Develop and deliver future strategy and approach for access to medicines and devices
  • Develop a mechanism to pilot joint clinical trial approval and clinical trial and licensing scientific and compliance advice via Access Consortium by Q4, 2021/22.
  • Further develop the Innovative Licensing and Access Pathway (ILAP) concepts and tools, in collaboration with the National Institute for Health and Care Excellence and the Scottish Medicines Consortium to create a world-class first port of call for medicines development and access by Q3, 2021/22.

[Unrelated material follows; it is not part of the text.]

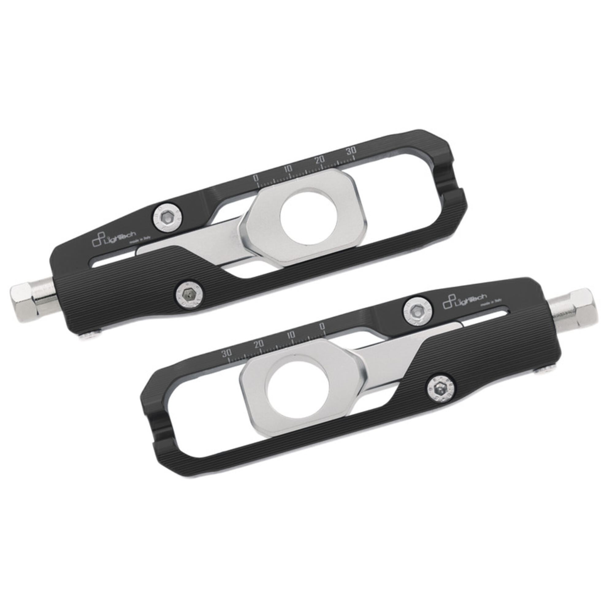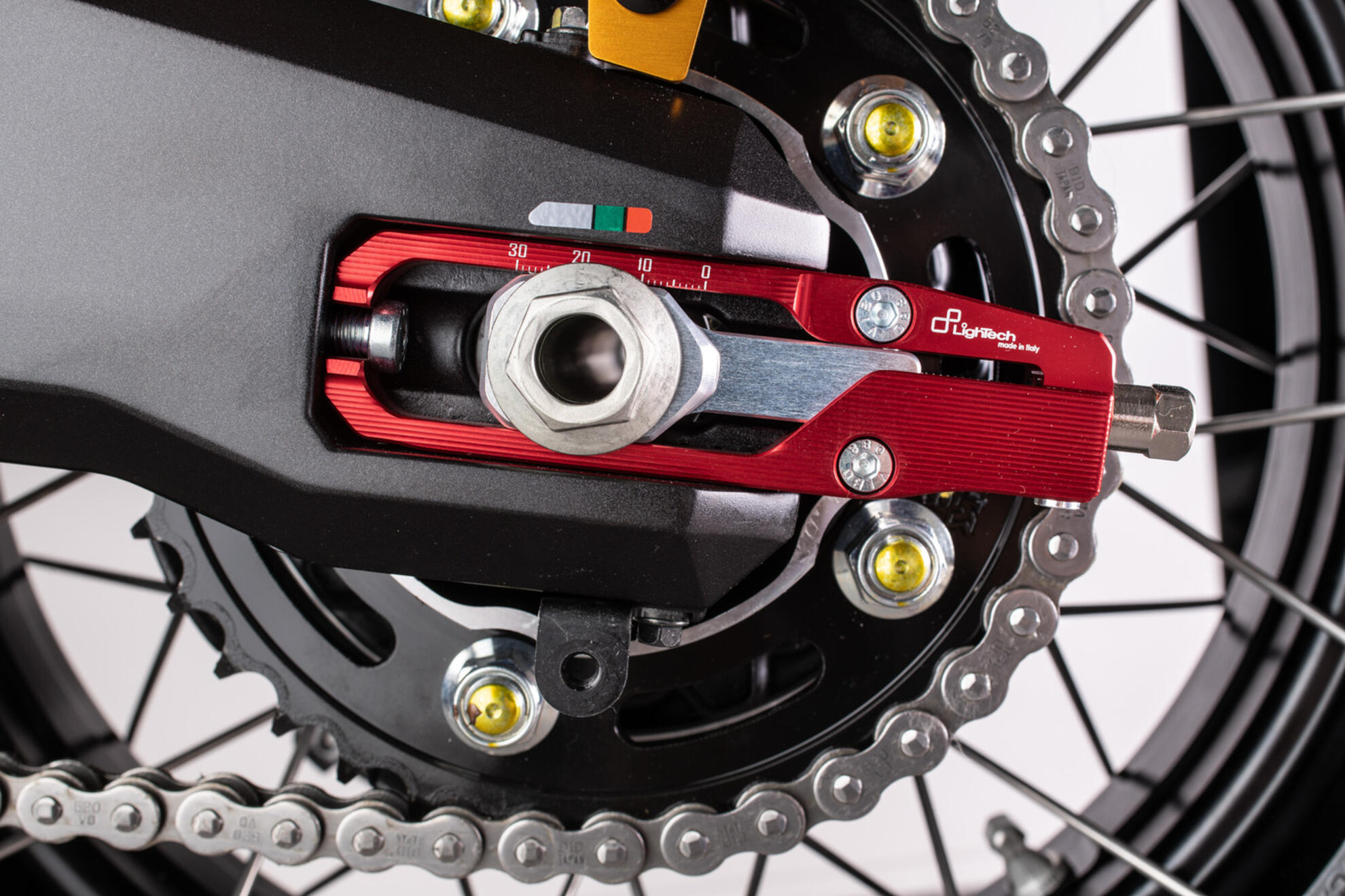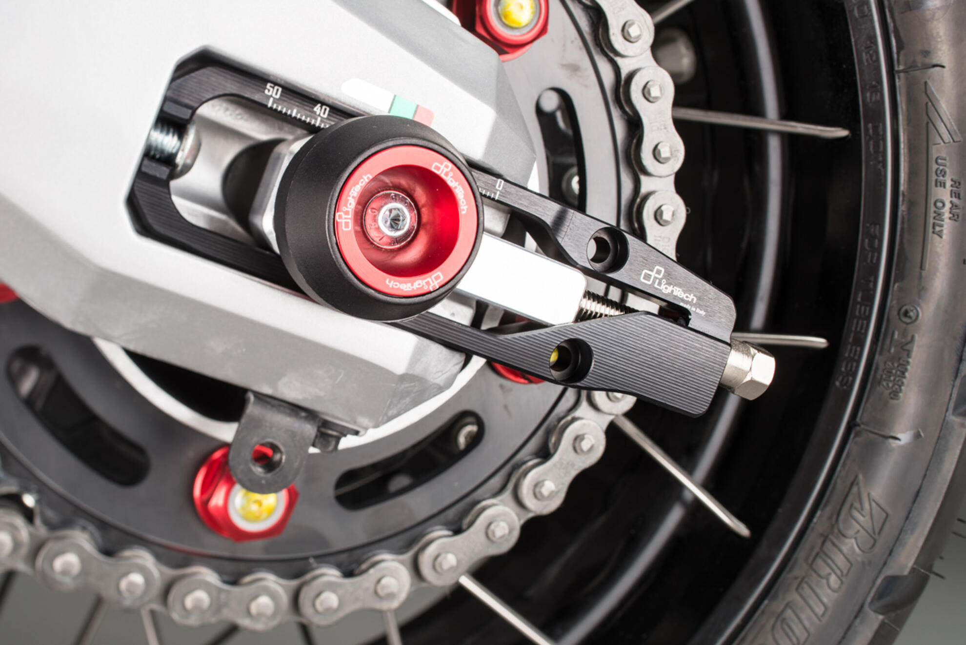 I nostri tendicatena sono realizzati in Ergal 7075 ricavati dal pieno, al fine di garantire una maggiore resistenza. Forniscono una regolazione della catena più accurata e facile rispetto ai tendicatena di serie. Presentano una regolazione esterna a vite per una messa a punto più veloce e precisa. Sul tendicatena è incisa una scala graduata a laser che ne facilita la regolazione.

  • Support access to generics and biosimilars via more global harmonisation in approval standards; seek membership of International Pharmaceutical Regulators Programme from Q3, 2021/22; take forward discussion of UK Biosimilar guidance in the Access Consortium, a medium-sized coalition of regulatory authorities, from Q3, 2021/22.
  • Develop a mechanism to pilot joint clinical trial approval and clinical trial and licensing scientific and compliance advice via Access Consortium by Q4, 2021/22.
  • Ensure integrated UK regulatory pathways for products that combine medicinal products and medical devices; consultation by Q3, 2022/23.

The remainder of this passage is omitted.